Indian actor (Born October 1966)

Krishna Kumar Menon (born 2 October 1966), known professionally as Kay Kay Menon, is an Indian actor who works predominantly in Hindi cinema, and occasionally in Gujarati, Tamil, Marathi and Telugu films. He is best known for his roles in films such as Black Friday (2004), Deewar (2004), Sarkar (2005), Shaurya (2008), Gulaal (2009), Haider (2014), Baby (2015). He has starred in web series such as Special Ops, Farzi, The Railway Men and Citadel: Honey Bunny. He is regarded as one of the most influential actors in cinema of India.

==Early life==
Menon was born into a Malayali family in Kozhikode, Kerala and raised in Ambarnath and Pune, Maharashtra, India. He studied at the St. Joseph High School in Khadki, Pune. He passed his 10th grade in 1981. He did his Bachelors (Physics) from Mumbai University and his MBA from Department of Management Sciences (PUMBA) at the University of Pune, graduating in 1988 with a major in Marketing. Menon's initial focus was working in the advertising industry, including Kinetic Honda and Marlboro cigarette advertisements in India.

==Career==
He started his career in theatre productions where he met Nivedita Bhattacharya, whom he married. His first theatre break was opposite Naseeruddin Shah in Feroz Abbas Khan's Mahatma vs Gandhi.

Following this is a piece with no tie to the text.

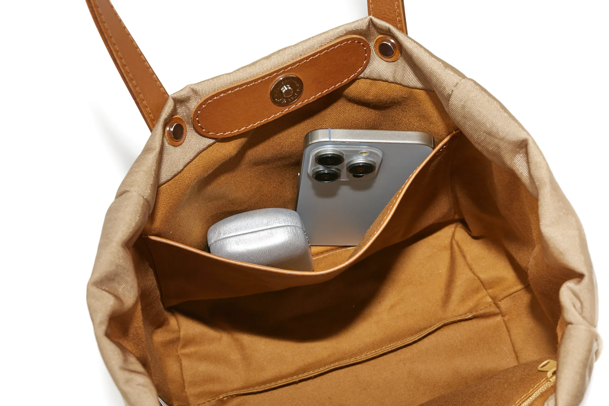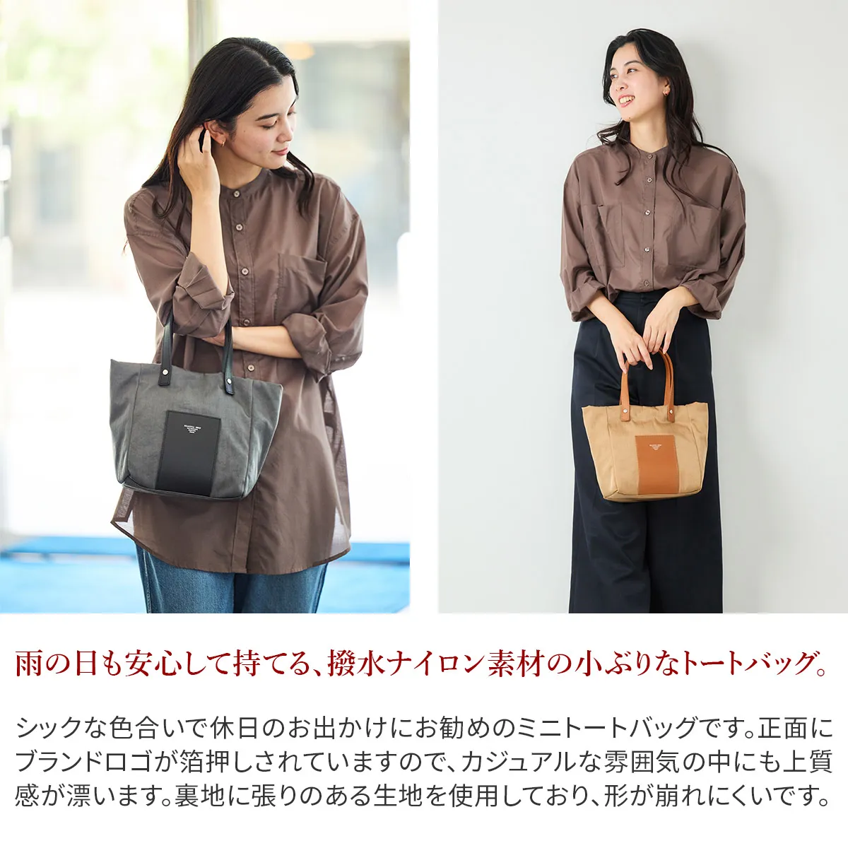 ナイロンの中でも厚手で少し張りがあり、フワッとした仕上がり。強い撥水性の為、水をはじき、汚れが付きにくいです。光沢のあるヘビーツイル織で、きれい目で上品な仕上がりになっています。 シックな色合いで休日のお出かけにお勧めのミニトートバッグです。正面にはブランドロゴが箔押しされており、カジュアルな雰囲気の中にも上質感が漂います。裏地に張りのある生地を使用しているので、形が崩れにくく、上品にお持ちいただけます。ポケットやボトルホルダーも備えられており、整理しやすい構造もポイントです。

In the early years of his career, Menon worked on television, with roles in the TV movies Zebra 2 and Last Train To Mahakali. He also appeared in Telefilms of Zee TV Rishtey (Ward no. 6) and Saturday Suspense episodes. He was praised for his role as a young Prime Minister in the Zee TV series Pradhan Mantri (2001), directed by Ketan Mehta. In The Hindu, Sevanti Ninan wrote, "an actor to watch: Kay Kay Menon ... this unusually tall actor who plays the pradhan mantri is a major saving grace" while in The Tribune, Amita Malik commented, "excellent acting by Menon, who skilfully conveys the physical as well as mental image of the honest politician".

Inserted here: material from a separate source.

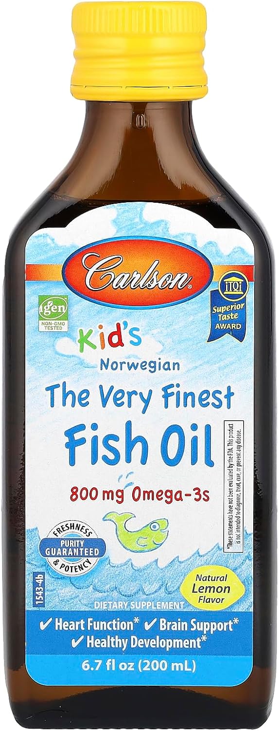 Kid's Norwegian The Very Finest Fish Oil in lemon flavor has received numerous awards for its taste and quality. To ensure maximum freshness, Kid's The Very Finest Fish Oil is closely managed from sea to store. We source the highest quality, deep, cold-water fish using traditional, sustainable methods. Kid's The Very Finest Fish Oil is then bottled with a touch of vitamin E and is given a nitrogen flush to remove oxygen and help prevent oxidation. Each teaspoon of Kid's The Very Finest Fish Oil provides 800 mg of omega-3s, including EPA and DHA, which support heart function, brain health, and healthy development. Like all Carlson omega-3s freshness, potency, and purity are guaranteed.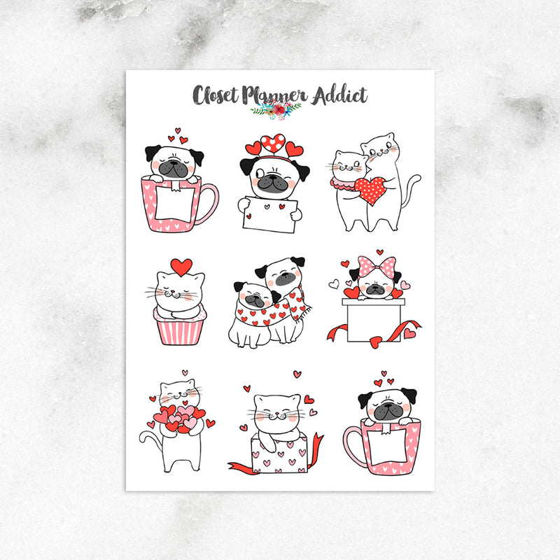 Valentine's Day Dogs and Cats Planner Stickers (S-380)

Menon made his big screen debut with a small role in Naseem (1995), followed in 1999 by the lead role in Bhopal Express, a movie that went mostly unnoticed. This was the first in a series of initial setbacks in Menon's film career. In the early 2000s, he starred as a wicked rock musician in Anurag Kashyap's debut movie, Paanch, which struggled with censorship and has remained unreleased. Two other movies, Hazaaron Khwaishein Aisi and Black Friday, had to wait many years for a release date. Meanwhile, his commercial films Deewar (starring Amitabh Bachchan) and Silsiilay (with Shahrukh Khan) flopped at the box office. It was only in 2005, with the eventual release of the critically acclaimed Hazaaron Khwaishein Aisi, but with Ram Gopal Varma's Sarkar, Menon had his break. Sarkar earned him a nomination for the Best Performance in a Negative Role at the Filmfare Awards. In The Tribune, Saibal Chatterjee called him "one of Bollywood's finest actors".

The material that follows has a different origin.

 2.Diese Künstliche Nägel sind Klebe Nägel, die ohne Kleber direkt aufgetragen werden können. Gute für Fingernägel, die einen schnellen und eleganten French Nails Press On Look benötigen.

In 2007, he acted in Life in a... Metro as an adulterous husband, Enemmy (2013), and Rahasya (2015). In 2008, he appeared in Shaurya based on A Few Good Men . His portrayal of a ruthless army brigadier is still talked of among cinema lovers. In 2009, he starred in The Stoneman Murders where he played a police officer on the hunt for the Stoneman serial killer. He played the role of Dukki Bana in Gulaal.

His role as Khurram Mir in 2014's Haider bagged him a Filmfare and IIFA award for Best Supporting Actor. He played a very crucial role in The Ghazi Attack as a Naval Captain based on an Indian Naval submarine, S21, intercepts a Pakistani submarine, PNS Ghazi, during routine surveillance and thwarts its mission of destroying in 1971. He played a role as Vikram Singh in 2019's Penalty with co-actor Mohit Nain.

In 2018, Menon made his debut in Marathi film in Ek Sangaychay - Unsaid Harmony, directed by Lokesh Gupte. To prepare for his role, Menon took Marathi lessons for speaking, though he could understand by hearing.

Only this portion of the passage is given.